> [EXERCISE DESCRIPTION]: Transcription, pictures excluded: write out the data below exactly.

____ INFORMATION SHOWN

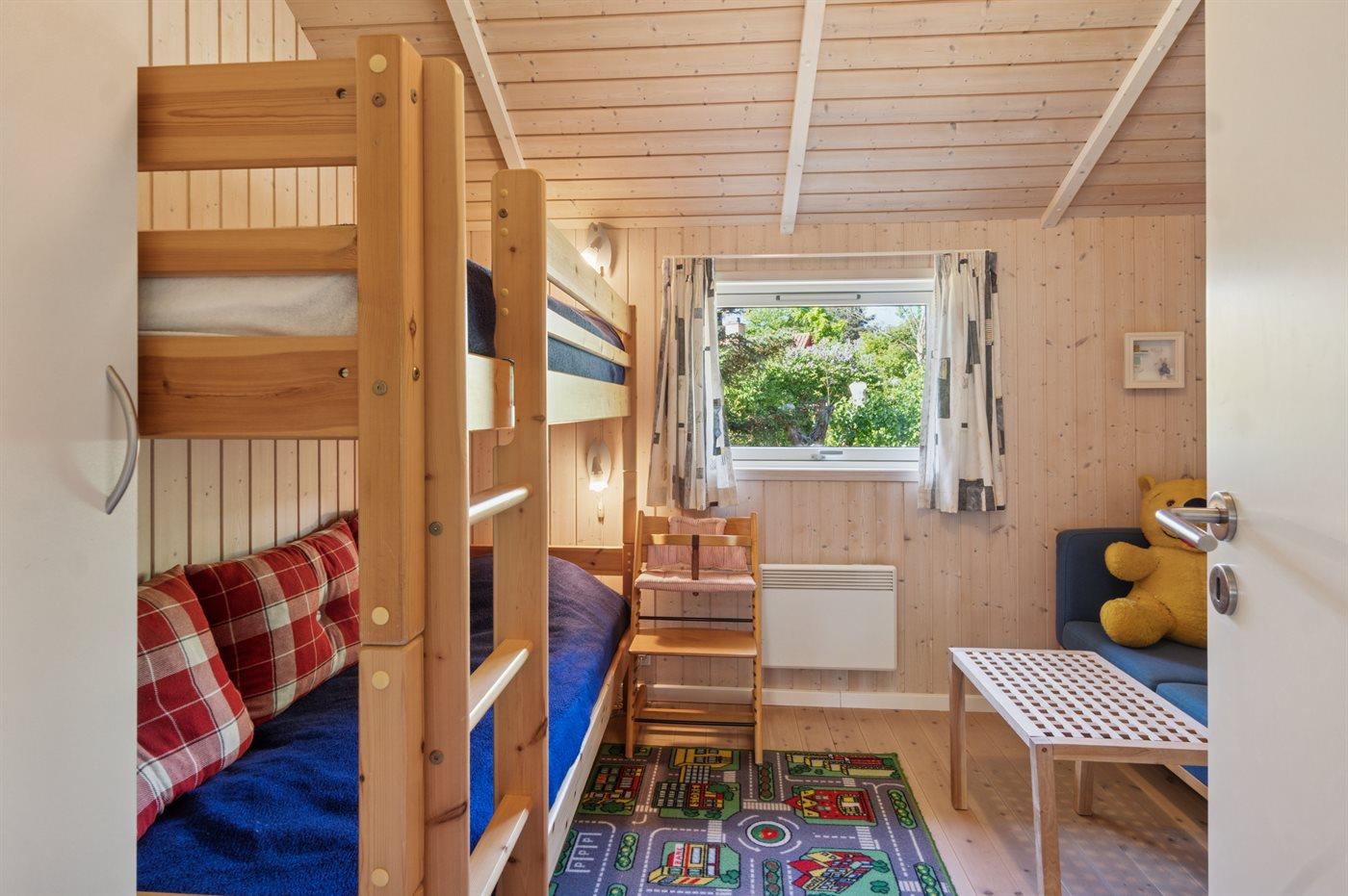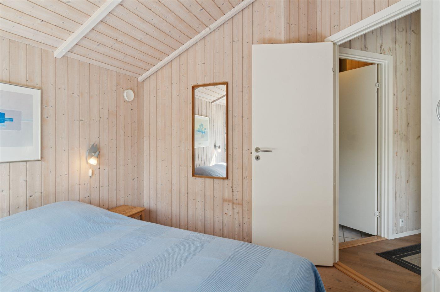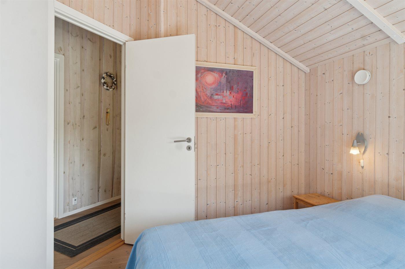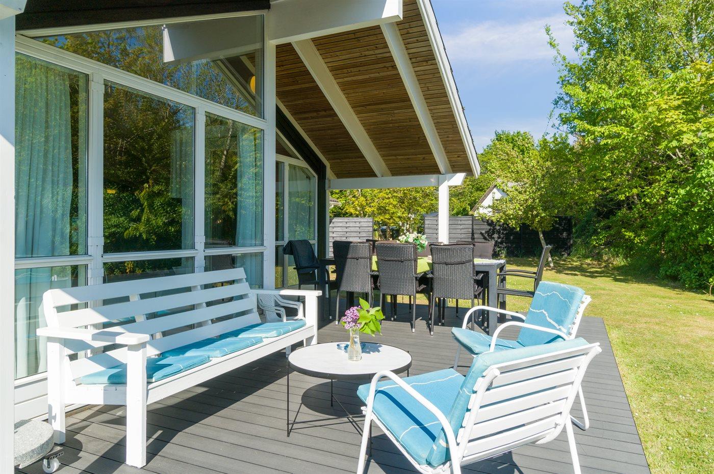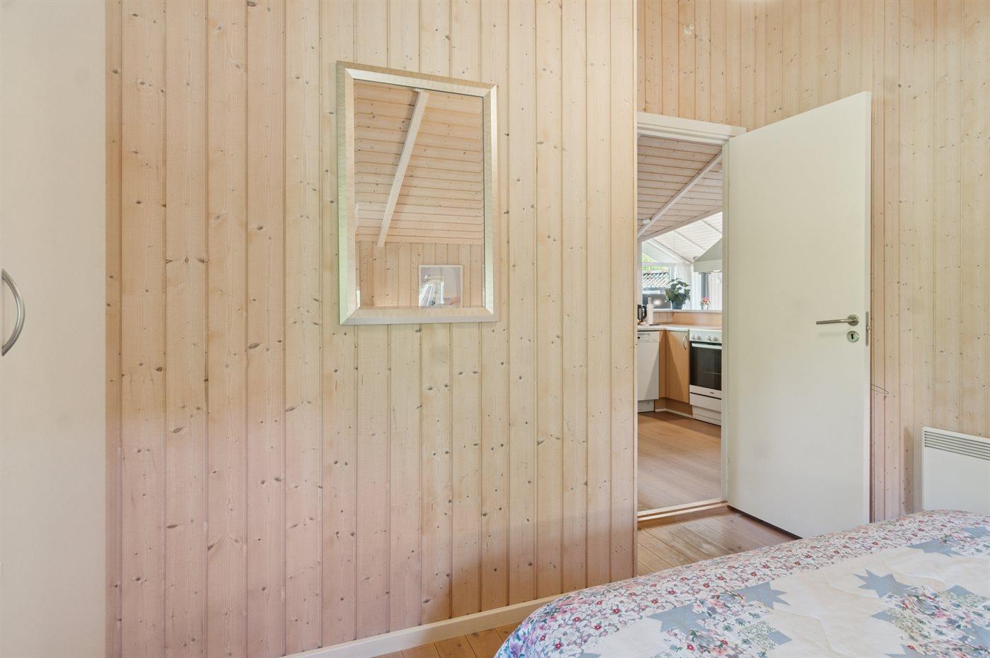 På en naturgrund blot 250 m fra stranden ligger dette dejlige sommerhus i træ med spa og sauna, bygget i 2002. Til huset hører såvel åben som overdækket terrasse med havemøbler. Webergrill står til rådighed. Indvendigt er der lyse trægulve. Huset er indrettet med 2 badeværelser med bruser. Det ene er yderligere udstyret med gulvvarme, 3-pers. spa og sauna. Moderne åbent køkken i forbindelse med stuen med bl.a. fryser, opvaskemaskine, mikrobølgeovn, komfur med keramiske kogeplader og varmluftovn. Lys opholdsstue med brændeovn, TV, Chromecast, DVD-afspiller samt stereoanlæg med CD-afspiller. Der er Ingen TV-kanaler – kun mulighed for streaming. Hvis man har et Viasat-kort derhjemme, kan man tage det med til sommerhuset. Desuden ekstra TV med indbygget DVD-afspiller på børneværelset. Husets 8 sovepladser er fordelt på 4 soverum; 3 med dobbeltseng og 1 med køjeseng. Af yderligere udstyr kan gratis, trådløs internetforbindelse (computer skal medbringes), vaskemaskine samt tørretumbler nævnes og der er installeret en energibesparende varmepumpe. Til de små feriegæster er der barneseng, høj barnestol, gynge, rutchebane og sandkasse.
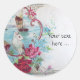 Elegante, elegante, vibrante y clásico diseño floral. Rojas, rosas rosas rosas, flores azules con una paloma blanca cargando una carta en un paisaje marino.
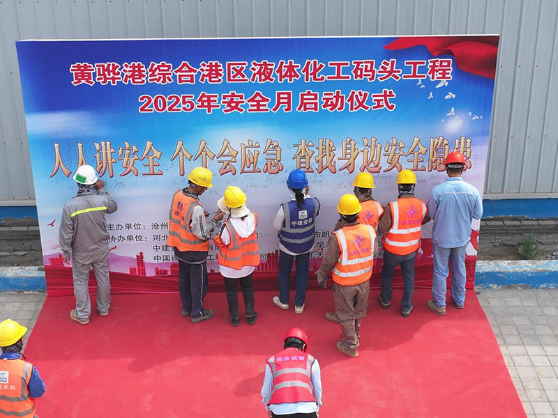 2025年6月1日,黃驊港綜合港區(qū)液體化工碼頭工程2025年安全月啟動(dòng)儀式在項(xiàng)目現(xiàn)場(chǎng)隆重舉行。滄州森旭港務(wù)有限公司、施工單位、監(jiān)理單位代表齊聚一堂,共同拉開安全月活動(dòng)的序幕。
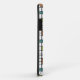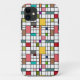 Ce boîtier téléphonique a un design moderne du milieu du siècle d'une grille de lignes noires avec des carrés et des rectangles aux couleurs rétro sur un champ de blanc.
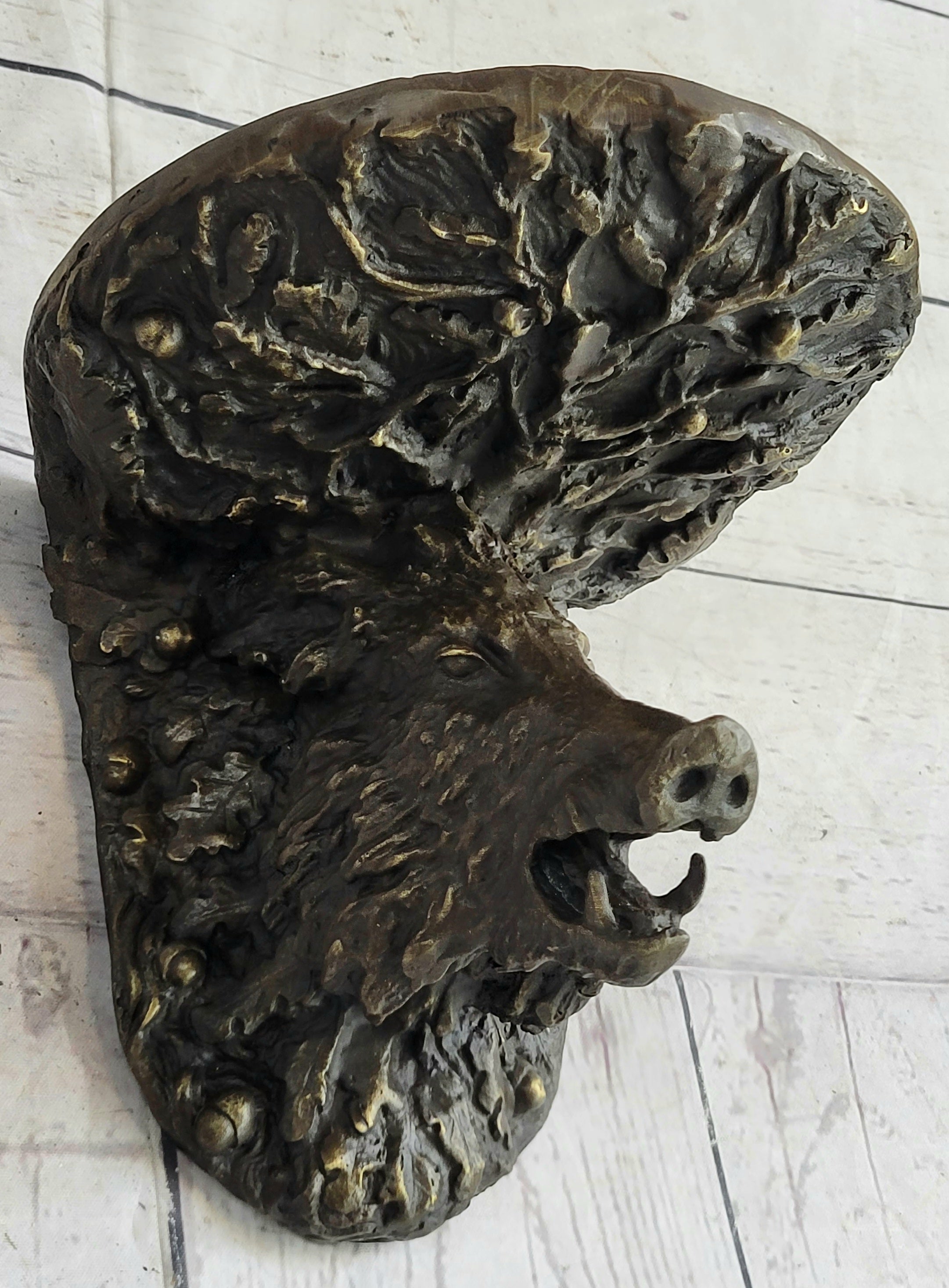 Heavy Solid Cast Bronze Wall Brackets Sconces Shelf Boars Acorns Sculpture Gift
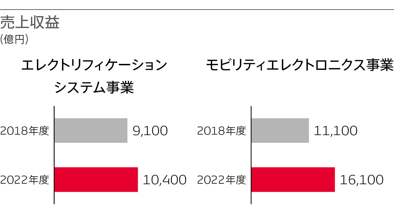 その結果、環境領域では、エレクトリフィケーションシステム事業グループの売上収益が、9,100億円(2018年度)から1兆400億円(2022年度)に成長しました。また、BEV向けに消費電力の大幅低減を可能としたSiCインバータの量産を開始しました。安心領域では、高度運転支援(ADAS)とシステム制御ユニットを中心としたモビリティエレクトロニクス事業の売上収益が、1兆1,100億円(2018年度)から1兆6,100億円(2022年度)と大幅に成長、その間にはADAS用センサシステム(GSP : Global Safety Package)の事故カバーシーンを拡大したGSP2、GSP3を世に送り出しました。さらに既販車向けアクセル踏み間違い防止後付け装置による安全装置の普及も推進してきました。
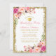Cartão de Convite à Festa de formatura Dourada Floral e Dourada Brilhante Cor-de-Água Rosa - Script Rosa - Parte Traseira da Fotografia

________

> [REPLY TO THE EXERCISE]:
 På en naturgrund blot 250 m fra stranden ligger dette dejlige sommerhus i træ med spa og sauna, bygget i 2002. Til huset hører såvel åben som overdækket terrasse med havemøbler. Webergrill står til rådighed. Indvendigt er der lyse trægulve. Huset er indrettet med 2 badeværelser med bruser. Det ene er yderligere udstyret med gulvvarme, 3-pers. spa og sauna. Moderne åbent køkken i forbindelse med stuen med bl.a. fryser, opvaskemaskine, mikrobølgeovn, komfur med keramiske kogeplader og varmluftovn. Lys opholdsstue med brændeovn, TV, Chromecast, DVD-afspiller samt stereoanlæg med CD-afspiller. Der er Ingen TV-kanaler – kun mulighed for streaming. Hvis man har et Viasat-kort derhjemme, kan man tage det med til sommerhuset. Desuden ekstra TV med indbygget DVD-afspiller på børneværelset. Husets 8 sovepladser er fordelt på 4 soverum; 3 med dobbeltseng og 1 med køjeseng. Af yderligere udstyr kan gratis, trådløs internetforbindelse (computer skal medbringes), vaskemaskine samt tørretumbler nævnes og der er installeret en energibesparende varmepumpe. Til de små feriegæster er der barneseng, høj barnestol, gynge, rutchebane og sandkasse.
 Elegante, elegante, vibrante y clásico diseño floral. Rojas, rosas rosas rosas, flores azules con una paloma blanca cargando una carta en un paisaje marino.
 2025年6月1日,黃驊港綜合港區(qū)液體化工碼頭工程2025年安全月啟動(dòng)儀式在項(xiàng)目現(xiàn)場(chǎng)隆重舉行。滄州森旭港務(wù)有限公司、施工單位、監(jiān)理單位代表齊聚一堂,共同拉開安全月活動(dòng)的序幕。
 Ce boîtier téléphonique a un design moderne du milieu du siècle d'une grille de lignes noires avec des carrés et des rectangles aux couleurs rétro sur un champ de blanc.
 Heavy Solid Cast Bronze Wall Brackets Sconces Shelf Boars Acorns Sculpture Gift
 その結果、環境領域では、エレクトリフィケーションシステム事業グループの売上収益が、9,100億円(2018年度)から1兆400億円(2022年度)に成長しました。また、BEV向けに消費電力の大幅低減を可能としたSiCインバータの量産を開始しました。安心領域では、高度運転支援(ADAS)とシステム制御ユニットを中心としたモビリティエレクトロニクス事業の売上収益が、1兆1,100億円(2018年度)から1兆6,100億円(2022年度)と大幅に成長、その間にはADAS用センサシステム(GSP : Global Safety Package)の事故カバーシーンを拡大したGSP2、GSP3を世に送り出しました。さらに既販車向けアクセル踏み間違い防止後付け装置による安全装置の普及も推進してきました。
Cartão de Convite à Festa de formatura Dourada Floral e Dourada Brilhante Cor-de-Água Rosa - Script Rosa - Parte Traseira da Fotografia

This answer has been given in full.